▸ **Task details**
Omit each picture as you copy the entries exactly.

-------- The data

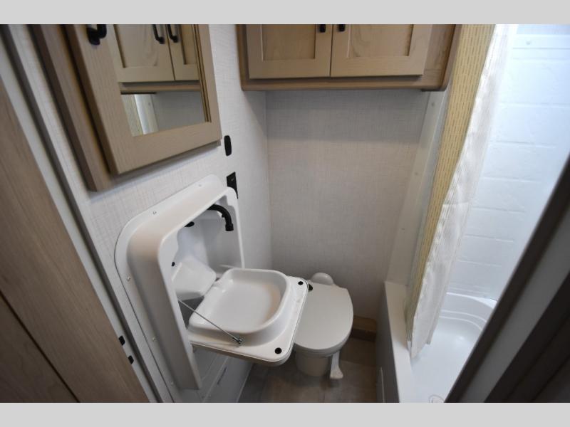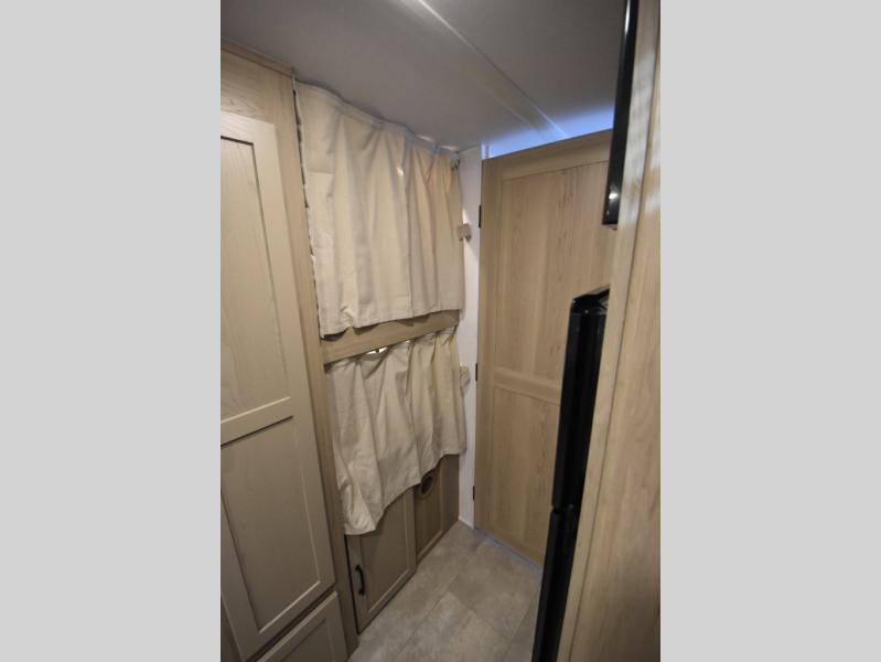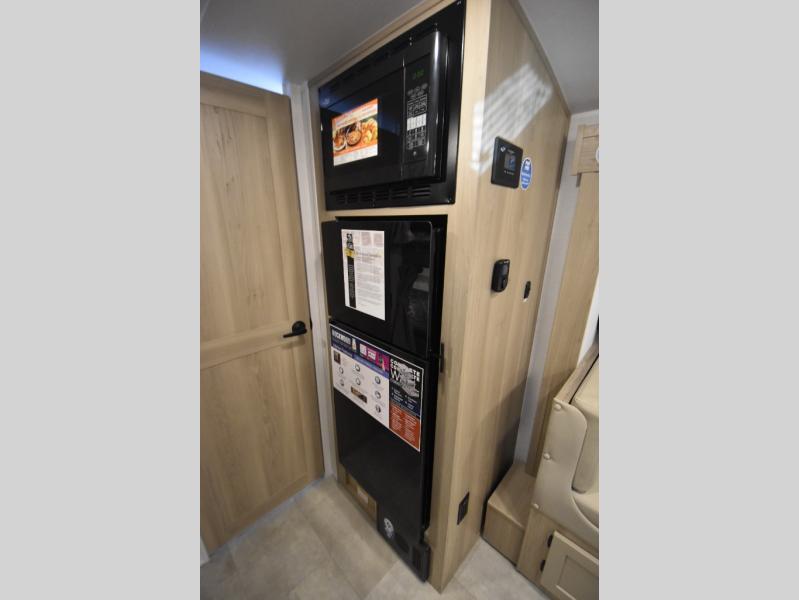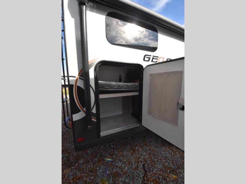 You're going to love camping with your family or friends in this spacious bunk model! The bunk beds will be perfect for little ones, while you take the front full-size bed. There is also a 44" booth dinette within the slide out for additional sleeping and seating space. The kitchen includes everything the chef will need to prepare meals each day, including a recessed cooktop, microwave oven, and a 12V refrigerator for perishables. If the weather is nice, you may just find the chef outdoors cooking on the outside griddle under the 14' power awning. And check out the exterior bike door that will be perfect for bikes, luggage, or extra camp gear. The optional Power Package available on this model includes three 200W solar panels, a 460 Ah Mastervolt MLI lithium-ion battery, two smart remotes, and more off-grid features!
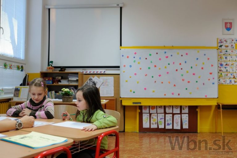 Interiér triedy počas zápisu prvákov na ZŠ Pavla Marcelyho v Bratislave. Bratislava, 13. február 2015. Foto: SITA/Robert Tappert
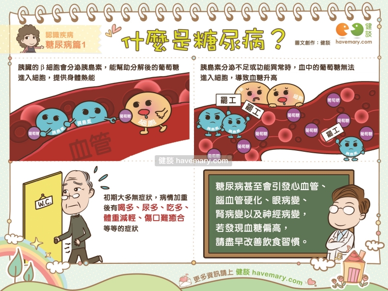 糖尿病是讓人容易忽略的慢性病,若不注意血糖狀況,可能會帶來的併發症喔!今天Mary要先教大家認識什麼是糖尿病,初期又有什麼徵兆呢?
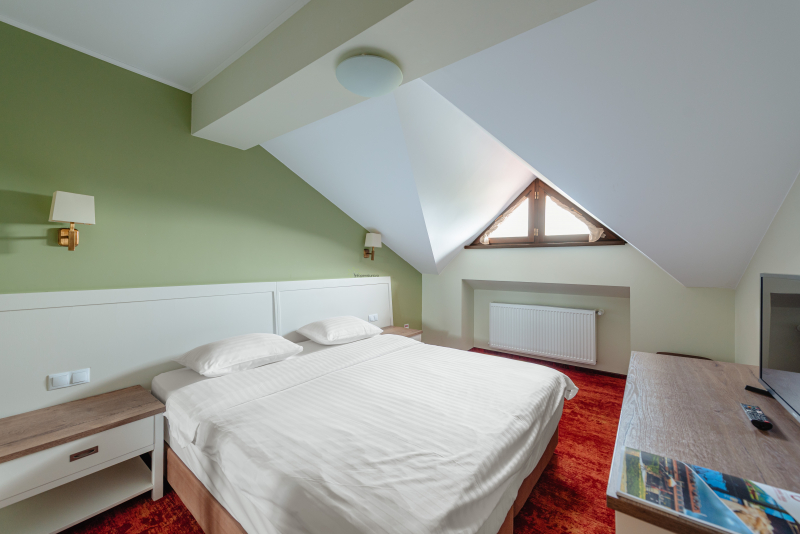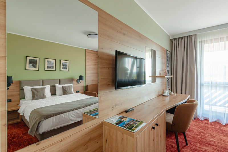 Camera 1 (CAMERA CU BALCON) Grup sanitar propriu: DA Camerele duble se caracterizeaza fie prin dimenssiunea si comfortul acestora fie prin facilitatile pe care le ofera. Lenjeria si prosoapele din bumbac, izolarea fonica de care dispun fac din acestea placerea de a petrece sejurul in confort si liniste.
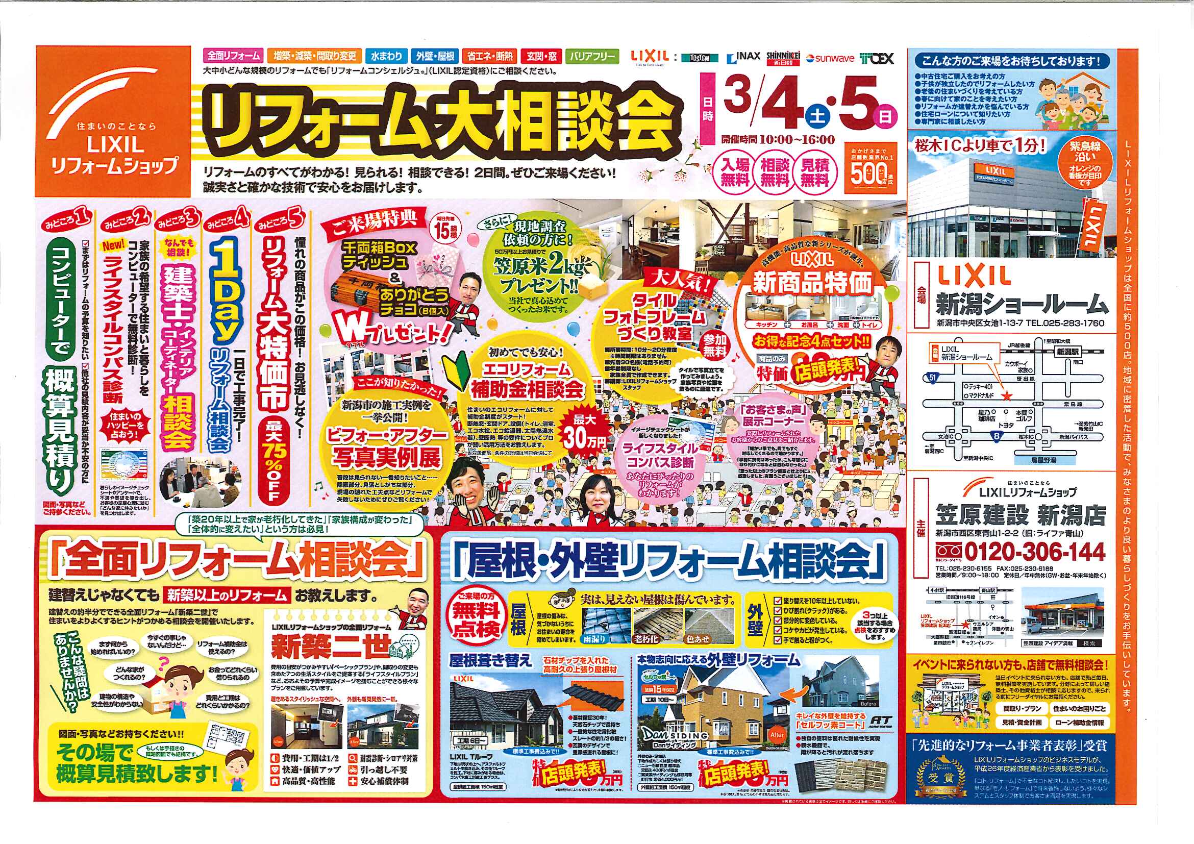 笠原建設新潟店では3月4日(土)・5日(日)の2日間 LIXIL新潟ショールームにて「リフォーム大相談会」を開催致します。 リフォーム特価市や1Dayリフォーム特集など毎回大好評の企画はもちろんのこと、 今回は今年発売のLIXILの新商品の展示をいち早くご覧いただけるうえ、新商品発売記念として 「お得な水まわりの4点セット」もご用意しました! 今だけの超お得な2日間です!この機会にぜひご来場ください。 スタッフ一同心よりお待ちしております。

----------------

▸ **Result of the exercise**
 You're going to love camping with your family or friends in this spacious bunk model! The bunk beds will be perfect for little ones, while you take the front full-size bed. There is also a 44" booth dinette within the slide out for additional sleeping and seating space. The kitchen includes everything the chef will need to prepare meals each day, including a recessed cooktop, microwave oven, and a 12V refrigerator for perishables. If the weather is nice, you may just find the chef outdoors cooking on the outside griddle under the 14' power awning. And check out the exterior bike door that will be perfect for bikes, luggage, or extra camp gear. The optional Power Package available on this model includes three 200W solar panels, a 460 Ah Mastervolt MLI lithium-ion battery, two smart remotes, and more off-grid features!
 Interiér triedy počas zápisu prvákov na ZŠ Pavla Marcelyho v Bratislave. Bratislava, 13. február 2015. Foto: SITA/Robert Tappert
 糖尿病是讓人容易忽略的慢性病,若不注意血糖狀況,可能會帶來的併發症喔!今天Mary要先教大家認識什麼是糖尿病,初期又有什麼徵兆呢?
 Camera 1 (CAMERA CU BALCON) Grup sanitar propriu: DA Camerele duble se caracterizeaza fie prin dimenssiunea si comfortul acestora fie prin facilitatile pe care le ofera. Lenjeria si prosoapele din bumbac, izolarea fonica de care dispun fac din acestea placerea de a petrece sejurul in confort si liniste.
 笠原建設新潟店では3月4日(土)・5日(日)の2日間 LIXIL新潟ショールームにて「リフォーム大相談会」を開催致します。 リフォーム特価市や1Dayリフォーム特集など毎回大好評の企画はもちろんのこと、 今回は今年発売のLIXILの新商品の展示をいち早くご覧いただけるうえ、新商品発売記念として 「お得な水まわりの4点セット」もご用意しました! 今だけの超お得な2日間です!この機会にぜひご来場ください。 スタッフ一同心よりお待ちしております。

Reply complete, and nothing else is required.